- Work to be completed
Transcribe this listing exactly; omit the pictures.

- Supplied data
<<<<

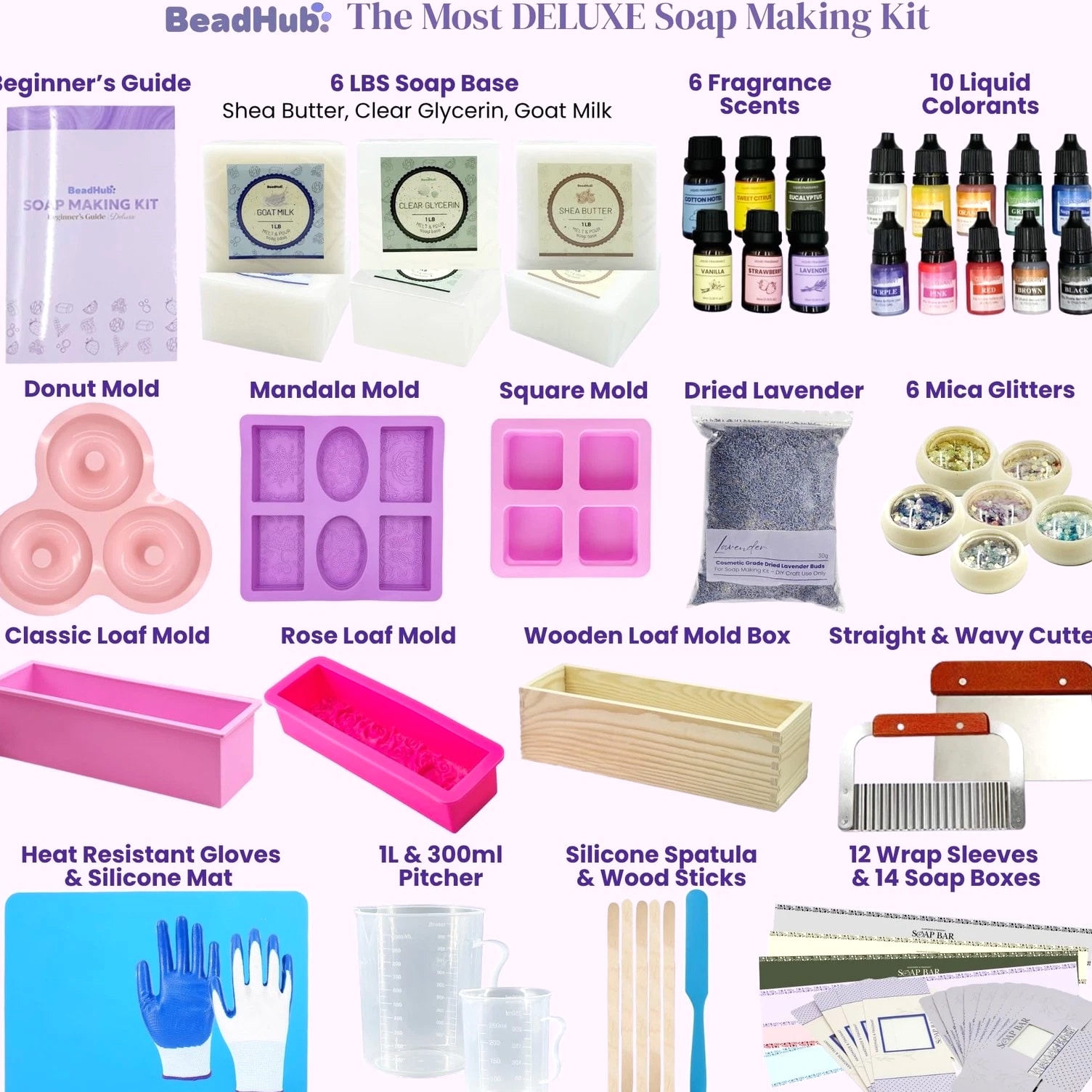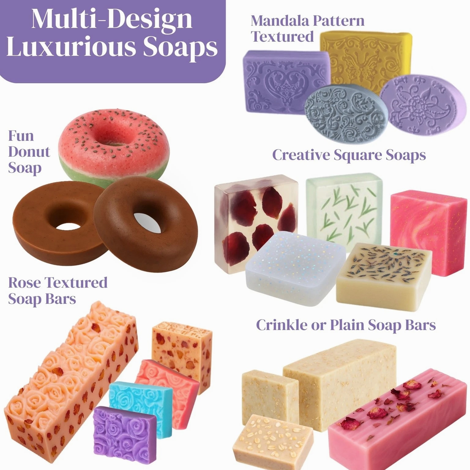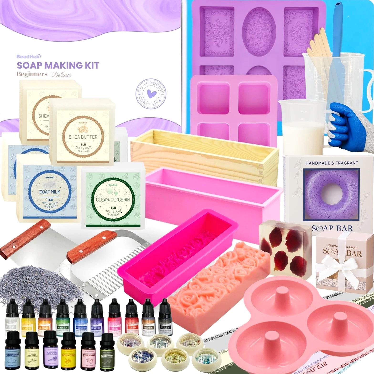 Discover how fun and easy it is to make soap at home step by step with this complete DIY soap making kit. Perfect for beginners, hobbyists, and crafters, it includes all the supplies you need to make soap—from molds and fragrances to colors and decorative items—so you can start right away. This is the best soap making kit for beginners who want to explore the art of creating their own soaps. Designed as a soap making starter kit with molds and colors, it uses the popular melt and pour method, making it easy and simple even if you have no prior experience. You'll learn how to work with glycerin, shea butter, and goat milk soap bases, each offering unique textures and creative possibilities. Looking for easy soap recipes with gentle ingredients? Our kit guides you with clear, step-by-step instructions to craft bars that are both beautiful and useful. Whether you want a new hobby, a relaxing project, or one of the best DIY gifts you can make at home, this kit is ideal. Great for fun craft kits for adults or creative family activities, it's more than just a product—it's an experience. With a generous 6 lbs of soap base included, you'll have plenty of material for multiple projects, endless experimentation, and lasting memories. DELUXE KIT WITH 3 SOAP BASE TYPES; TOTAL OF 6LBS SUPPLY - We generously included 2lbs each of premium quality Melt & Pour soap bases: Shea Butter, Clear Glycerin, and Goat Milk! So you can learn and gain valuable soap making crafting experience with these three top soap base types. Each offers unique textures and benefits for different skin types of gift receivers. You'll certainly have more than enough to practice, perfect, and create dozens of custom soaps. DESIGNED FOR BEGINNERS – NO EXPERIENCE NEEDED! Make premium soaps confidently as our step-by-step instruction manual makes it easy for first-timers to follow along with clear guidance on time frame, temperature level and other important details. The kit also comes with all the supplies and tools needed.
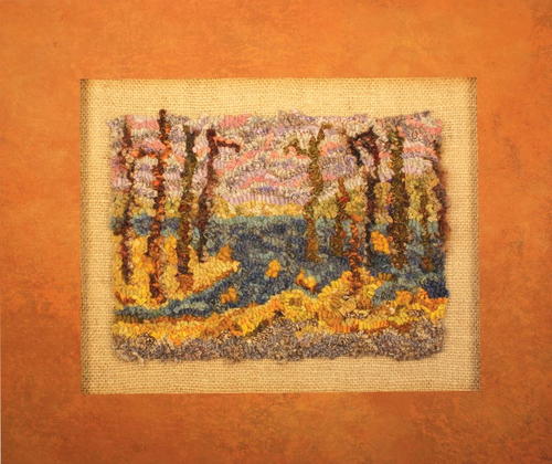 South End of the Lake, 7" by 10" hooked area, 16" by 19" framed, mainly #5-cut wool. Hand-dyed wool, recycled wool, hand-dyed nylon (pantyhose), wool roving, yarn, and silk on linen. Designed and hooked by Darlys McDonough.
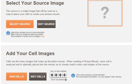 Picture Mosaics is the penultimate platform where you can create photo mosaic online from your favorite Facebook images. This is a website with multiple functions and users are required to create a free account with the website to start creating their photo mosaics. So, the process begins with creating an account ans is followed by three simple steps. First you select an image from Facebook and crop it nicely to fit your frame. After that you can add cells ( small images) to your frame and the website recommends that you add up to 500 images per mosaic to make your mosaics look better. Finally, you can select the size for your mosaic and hit the Create Mosaic option. The final mosaics are saved in your account and can be shared from there. In case you wish to edit your mosaic after it has been created & saved, such option is also available. Check it out from above.
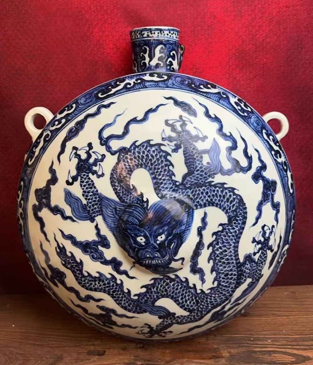 名称:明永乐青花云龙纹壁瓶

>>>>

- Output
 Discover how fun and easy it is to make soap at home step by step with this complete DIY soap making kit. Perfect for beginners, hobbyists, and crafters, it includes all the supplies you need to make soap—from molds and fragrances to colors and decorative items—so you can start right away. This is the best soap making kit for beginners who want to explore the art of creating their own soaps. Designed as a soap making starter kit with molds and colors, it uses the popular melt and pour method, making it easy and simple even if you have no prior experience. You'll learn how to work with glycerin, shea butter, and goat milk soap bases, each offering unique textures and creative possibilities. Looking for easy soap recipes with gentle ingredients? Our kit guides you with clear, step-by-step instructions to craft bars that are both beautiful and useful. Whether you want a new hobby, a relaxing project, or one of the best DIY gifts you can make at home, this kit is ideal. Great for fun craft kits for adults or creative family activities, it's more than just a product—it's an experience. With a generous 6 lbs of soap base included, you'll have plenty of material for multiple projects, endless experimentation, and lasting memories. DELUXE KIT WITH 3 SOAP BASE TYPES; TOTAL OF 6LBS SUPPLY - We generously included 2lbs each of premium quality Melt & Pour soap bases: Shea Butter, Clear Glycerin, and Goat Milk! So you can learn and gain valuable soap making crafting experience with these three top soap base types. Each offers unique textures and benefits for different skin types of gift receivers. You'll certainly have more than enough to practice, perfect, and create dozens of custom soaps. DESIGNED FOR BEGINNERS – NO EXPERIENCE NEEDED! Make premium soaps confidently as our step-by-step instruction manual makes it easy for first-timers to follow along with clear guidance on time frame, temperature level and other important details. The kit also comes with all the supplies and tools needed.
 South End of the Lake, 7" by 10" hooked area, 16" by 19" framed, mainly #5-cut wool. Hand-dyed wool, recycled wool, hand-dyed nylon (pantyhose), wool roving, yarn, and silk on linen. Designed and hooked by Darlys McDonough.
 Picture Mosaics is the penultimate platform where you can create photo mosaic online from your favorite Facebook images. This is a website with multiple functions and users are required to create a free account with the website to start creating their photo mosaics. So, the process begins with creating an account ans is followed by three simple steps. First you select an image from Facebook and crop it nicely to fit your frame. After that you can add cells ( small images) to your frame and the website recommends that you add up to 500 images per mosaic to make your mosaics look better. Finally, you can select the size for your mosaic and hit the Create Mosaic option. The final mosaics are saved in your account and can be shared from there. In case you wish to edit your mosaic after it has been created & saved, such option is also available. Check it out from above.
 名称:明永乐青花云龙纹壁瓶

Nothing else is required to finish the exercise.